The proxy connection
The SOCKS5 protocol is clear text so you must make sure you do not access the proxy over a network as then it will leak the hostname to eavesdroppers. That is why you see the examples above use localhost for the proxy.
You can also step it up and connect to the SOCKS5 proxy over unix domain sockets with recent curl versions like this:
Sites using the .onion TLD are not on the public Internet and it is pointless to ask your regular DNS server to resolve them. Even worse: if you in fact ask your normal resolver you practically advertise your intention of connection to a .onion site and you give the full name of that site to the outsider. A potentially significant privacy leak.
To combat the leakage problem, RFC 7686The “.onion” Special-Use Domain Name was published in October 2015. With the involvement and consent from people involved in the Tor project.
It only took a few months after 7686 was published until there was an accurate issue filed against curl for leaking .onion names. Back then, in the spring of 2016, no one took upon themselves to fix this and it was instead simply added to the queue of known bugs.
This RFC details (among other things) how libraries should refuse to resolve .onion host names using the regular means in order to avoid the privacy leak.
After having stewed in the known bugs lists for almost five years, it was again picked up in 2023, a pull-request was authored, and when curl 8.1.0 shipped on May 17 2023 curl refused to resolve .onion hostnames.
Tor still works remember?
Since users are expected to connect using SOCKS5 and handing over the hostname to the proxy, the above mention refusal to resolve a .onion address did not break the normal Tor use cases with curl.
Turns out there is a group of people who runs transparent proxies who automatically “catches” all local traffic and redirects it over Tor. They have a local DNS server who can resolve .onion host names and they intercept outgoing traffic to instead tunnel it through Tor.
With this setup now curl no longer works because it will not send .onion addresses to the local resolver because RFC 7686 tells us we should not,
curl of course does not know when it runs in a presumed safe and deliberate transparent proxy network or when it does not. When a leak is not a leak or when it actually is a leak.
torsocks
A separate way to access tor is to use the torsocks tool.
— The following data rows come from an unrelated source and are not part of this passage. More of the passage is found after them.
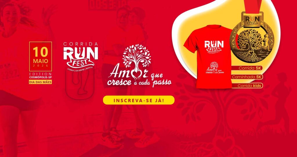 A Corrida Run Fest ocorrerá na cidade de Cosmópolis, uma celebração especial para homenagear todas as mães, dia 10 de maio de 2026 às 07:00, com a opção de Corrida e Caminhada 5k, e também Corrida Kids.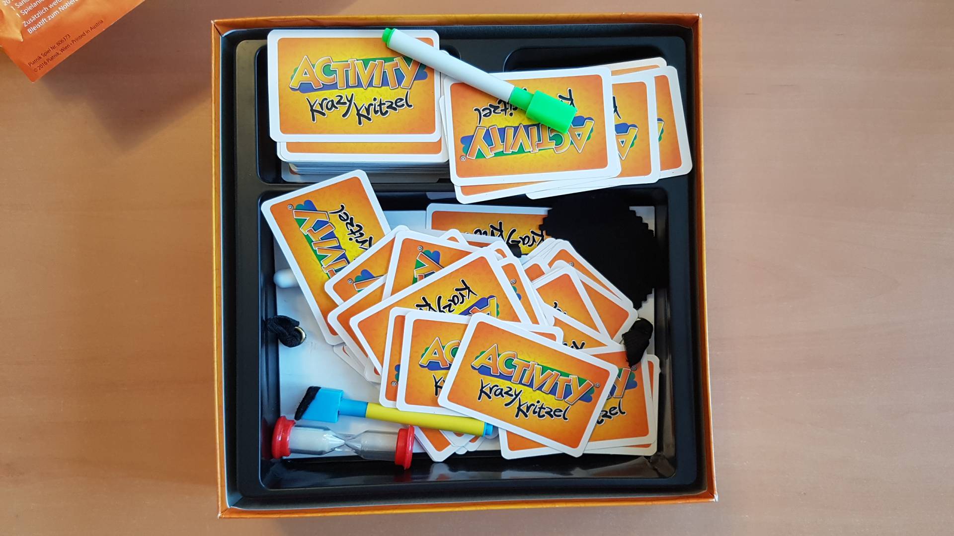1000 Begriffe, eine kleine Tafel mit Gummiband, ein abwaschbarer Stift und die Zeit läuft: Umdenken ist bei der neusten Variante des beliebten Partyspiels gefragt! Activity Krazy Kritzel bietet selbst eingefleischten Activity-Profis eine neue Herausforderung. Blind und spiegelverkehrt auf einem Zeichenbrett, das vor die Stirn geschnallt wird, müssen Begriffe Gestalt annehmen. Gekritzel oder Kunst? Hauptsache erkennbar!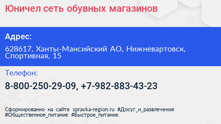 Юничел, сеть обувных магазинов по адресу 628617, Ханты-Мансийский АО, Нижневартовск, Спортивная, 15 в дальнейшем Организация, размещена в следующих категориях:
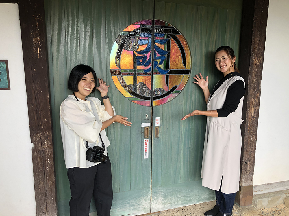 仕込み風景、試飲の様子、会社入り口ステンドグラスなどなど撮影、今回はみやき町のご紹介だそうです。

Torsocks allows you to use most applications in a safe way with Tor. It ensures that DNS requests are handled safely and explicitly rejects any traffic other than TCP from the application you’re using.
You run it like
torsocks curl https://example.com
Because of curl’s new .onion filtering, the above command line works fine for “normal” hostnames but no longer for .onion hostnames.
Arguably, this is less of a problem because when you use curl you typically don’t need to use torsocks since curl has full SOCKS support natively.
Option to disable the filter?
In the heated discussion thread we are told repeatedly how silly we are who block .onion name resolves – exactly in the way the RFC says, the RFC that had the backing and support from the Tor project itself. There are repeated cries for us to add ways to disable the filter.
I am of course sympathetic with the users whose use cases now broke.
A few different ways to address this have been proposed, but the problem is difficult: how would curl or a user know that it is fine to leak a name or not? Adding a command line option to say it is okay to leak would just mean that some scripts would use that option and users would run it in the wrong conditions and your evil malicious neighbors who “help out” will just add that option when they convince their victims to run an innocent looking curl command line.
The fact that several of the louder voices show abusive tendencies in the discussion of course makes these waters even more challenging to maneuver.
Future
I do not yet know how or where this lands. The filter has now been in effect in curl for a year. Nothing is forever, we keep improving. We listen to feedback and we are of course eager to make sure curl remains and awesome tool and library also for content over Tor.